An MRI provides detailed pictures of tissues within the chest cavity, without obstruction by overlying bone. It may be used to:
1. Clarify findings from previous X-rays or CT scans.
2. Show the structures of the chest from multiple planes.
3. Help diagnose abnormal growths and provide information for the staging (such as the size, extent, and spread) of tumors in the chest cavity.
4. MRI can distinguish tumors or other lesions from normal tissues.
5. Show lymph nodes and blood vessels
6. Evaluate blood flow.
7. Avoid the dangers of angiography or of repeated exposure to radiation.
By definition a CT Scan or CAT Scan is:
(Computer Axial Tomography) A series of X-rays that show the human body in slices. The X-ray mechanism, which surrounds the body, "inches" its way along the area being examined, taking multiple tomograms (slices). The computer is used to turn the tomograms into pictures.
CT scan allow the construction of detailed images and offer another, and in many cases, more affordable means of diagnosis without invasive surgical procedures. CT scans can also be used to guide the course of surgical procedures.
CT scans often utilize a medium or contrast enhancer, provided in the form of a drinkable liquid or via injection into the patient's bloodstream. Approximately 45 minutes before a patient is examined, the individual is given an intravenous injection of a radiopharmaceutical tracer.
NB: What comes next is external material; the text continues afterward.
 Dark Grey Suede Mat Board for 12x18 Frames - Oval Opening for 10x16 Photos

A brain scan and scan of the spinal cord can take less than 30 minutes.
Radiation exposure from a CT exam is roughly equal to a normal year's worth of exposure to natural background radiation—more than from a conventional x-ray examination, but less than that of other x-ray exams such as a skull x ray.
So in short the doctor wants to get a better thorough look at the mass without exposing your son to more radiation than necessary.
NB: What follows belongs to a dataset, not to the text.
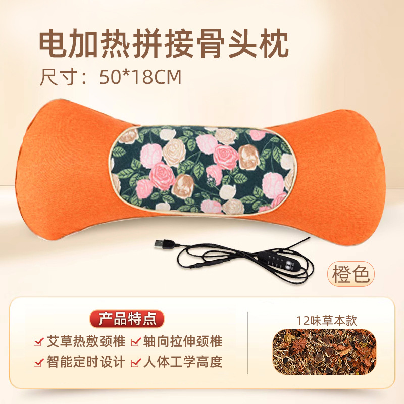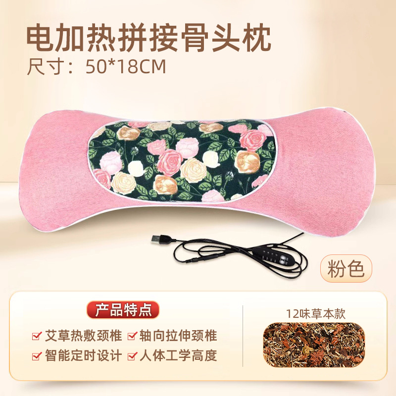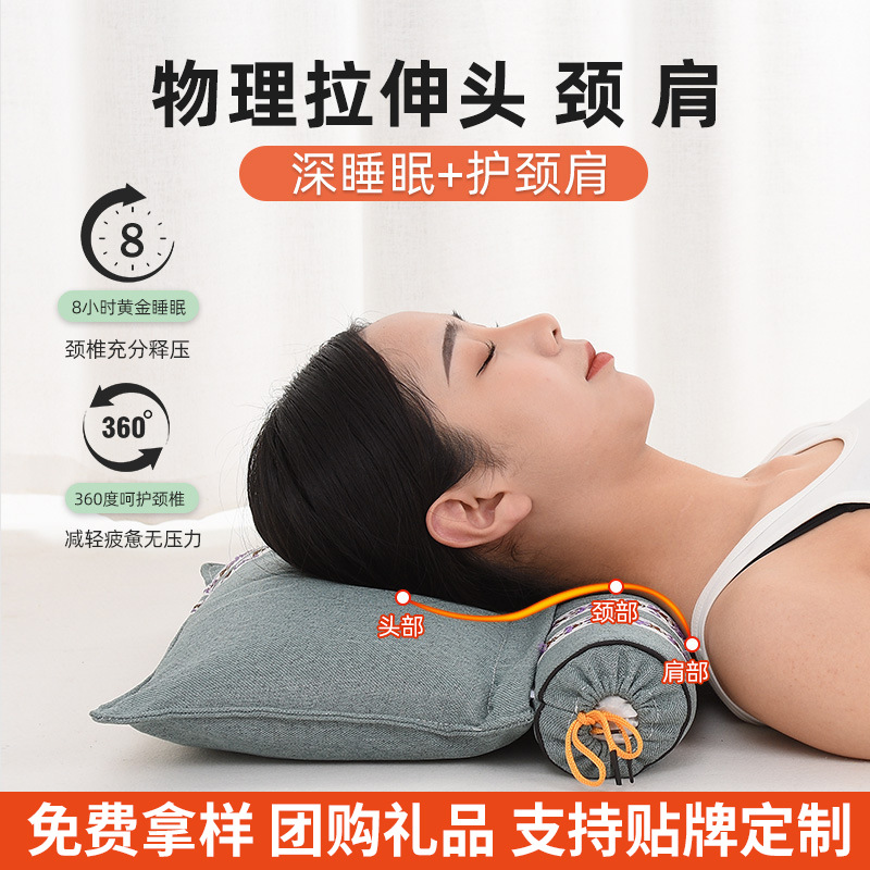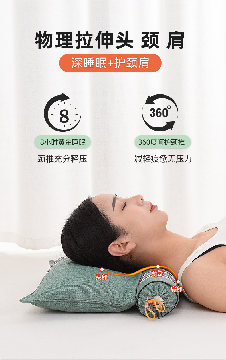 艾草枕头纯艾颈椎枕可拆卸护颈枕圆柱艾枕家用连体组合艾灸枕头

Hope this helps. I check in and offer what help I can.
Good Luck! Check and see about the previewing. It might also help if he sees you or your husband take a ride in or back out with out the scan. The techs will want to make it as comfortable as possible for your son... let them know of the fear and I am sure they will have a few tricks to help. If your son has a favorite non-metal toy or blanket, it would probably be allowed to go in with him. My sons tech offered to allow stuffed animals and/or a blanket. My sons favorit toys are cars... small metallic... anyway he did fine with out.
I can totally relate to what you are going through! I have a two year old boy who was born with a lymphatic malformation (vascular anomaly) in his left cheek. He does not have a "strawberry" like most people first believe.
At first my husband and I were told that it was a hemangioma. When we took him to a children's hospital we found out different. Unfortunately for my little boy his first two surgeries were done on the outside which has left his face scarred. His third surgery (his surgeon is an ENT dr also) is set for October and they will be using an internal approach. We will also be planning a face lift for him as his mass is quite large and weighs down the left side of his face. I'm not sure exactly how symmetrical they will be able to construct his face.
While it has been difficult dealing with people and their ugly looks and rotten comments I am trying my best not to lower myself to their level. To me, he is the cutest kid I've ever seen with the best disposition a mother could ask for and in the end that's all that really matters! It is difficult not to be over protective of him though. No mother wants to see their child hurt...that's what mothers do...we protect our young.
On that note, I hope to hear back from you as I feel we have something in common and maybe we could help each other through rough times. If you have any advice for me, I'd surely appreciate hearing it. Take Care!!